→ **What is expected**:
Once the line with "宿泊スペースに戻り、制服に着" is found in the entries below, repeat it and each following line exactly, up to and including the line with "Tras finalizar el". Add no other lines.

→ **Source material**:
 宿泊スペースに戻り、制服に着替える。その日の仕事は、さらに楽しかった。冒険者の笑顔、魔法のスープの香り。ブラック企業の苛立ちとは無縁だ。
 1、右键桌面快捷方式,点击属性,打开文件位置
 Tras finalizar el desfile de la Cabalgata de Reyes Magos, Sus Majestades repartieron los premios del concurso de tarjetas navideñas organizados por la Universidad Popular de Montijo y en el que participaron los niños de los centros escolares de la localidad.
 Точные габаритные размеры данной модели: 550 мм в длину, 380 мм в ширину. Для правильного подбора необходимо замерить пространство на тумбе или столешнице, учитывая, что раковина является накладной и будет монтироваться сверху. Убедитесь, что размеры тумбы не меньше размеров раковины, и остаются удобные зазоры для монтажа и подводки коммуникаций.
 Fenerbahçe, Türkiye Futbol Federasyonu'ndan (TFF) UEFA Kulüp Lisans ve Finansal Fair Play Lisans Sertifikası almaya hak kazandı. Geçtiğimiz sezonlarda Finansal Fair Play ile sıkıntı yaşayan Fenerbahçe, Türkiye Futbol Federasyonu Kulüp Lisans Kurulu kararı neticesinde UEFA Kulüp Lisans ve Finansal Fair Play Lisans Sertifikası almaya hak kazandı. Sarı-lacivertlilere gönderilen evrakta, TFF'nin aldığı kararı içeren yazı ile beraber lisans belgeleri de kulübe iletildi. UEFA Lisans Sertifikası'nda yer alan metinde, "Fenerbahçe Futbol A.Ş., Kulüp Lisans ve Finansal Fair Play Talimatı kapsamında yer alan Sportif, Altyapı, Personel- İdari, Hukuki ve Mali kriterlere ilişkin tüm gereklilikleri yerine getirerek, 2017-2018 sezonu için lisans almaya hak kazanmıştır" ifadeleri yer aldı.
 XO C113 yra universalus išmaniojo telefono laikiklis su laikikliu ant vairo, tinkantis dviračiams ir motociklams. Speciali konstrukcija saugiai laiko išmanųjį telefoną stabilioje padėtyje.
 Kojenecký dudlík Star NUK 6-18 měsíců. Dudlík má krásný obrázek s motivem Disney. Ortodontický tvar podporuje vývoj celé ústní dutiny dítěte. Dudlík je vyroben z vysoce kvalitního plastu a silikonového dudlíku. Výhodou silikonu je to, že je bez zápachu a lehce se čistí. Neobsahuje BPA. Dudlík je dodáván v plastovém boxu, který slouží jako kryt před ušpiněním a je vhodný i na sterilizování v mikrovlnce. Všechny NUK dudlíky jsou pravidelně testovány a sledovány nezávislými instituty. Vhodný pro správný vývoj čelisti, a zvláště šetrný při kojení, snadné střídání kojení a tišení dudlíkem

==

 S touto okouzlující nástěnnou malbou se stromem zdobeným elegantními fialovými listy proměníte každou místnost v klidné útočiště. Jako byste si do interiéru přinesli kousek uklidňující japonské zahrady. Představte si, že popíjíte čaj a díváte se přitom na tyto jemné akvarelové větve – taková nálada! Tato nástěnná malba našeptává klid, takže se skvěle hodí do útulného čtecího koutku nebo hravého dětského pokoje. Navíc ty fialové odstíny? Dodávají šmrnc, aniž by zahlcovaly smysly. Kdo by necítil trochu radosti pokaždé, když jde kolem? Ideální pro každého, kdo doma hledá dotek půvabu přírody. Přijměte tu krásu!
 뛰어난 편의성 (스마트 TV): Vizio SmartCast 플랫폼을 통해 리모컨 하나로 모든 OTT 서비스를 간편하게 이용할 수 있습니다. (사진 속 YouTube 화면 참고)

→ **Result**:
 宿泊スペースに戻り、制服に着替える。その日の仕事は、さらに楽しかった。冒険者の笑顔、魔法のスープの香り。ブラック企業の苛立ちとは無縁だ。
 1、右键桌面快捷方式,点击属性,打开文件位置
 Tras finalizar el desfile de la Cabalgata de Reyes Magos, Sus Majestades repartieron los premios del concurso de tarjetas navideñas organizados por la Universidad Popular de Montijo y en el que participaron los niños de los centros escolares de la localidad.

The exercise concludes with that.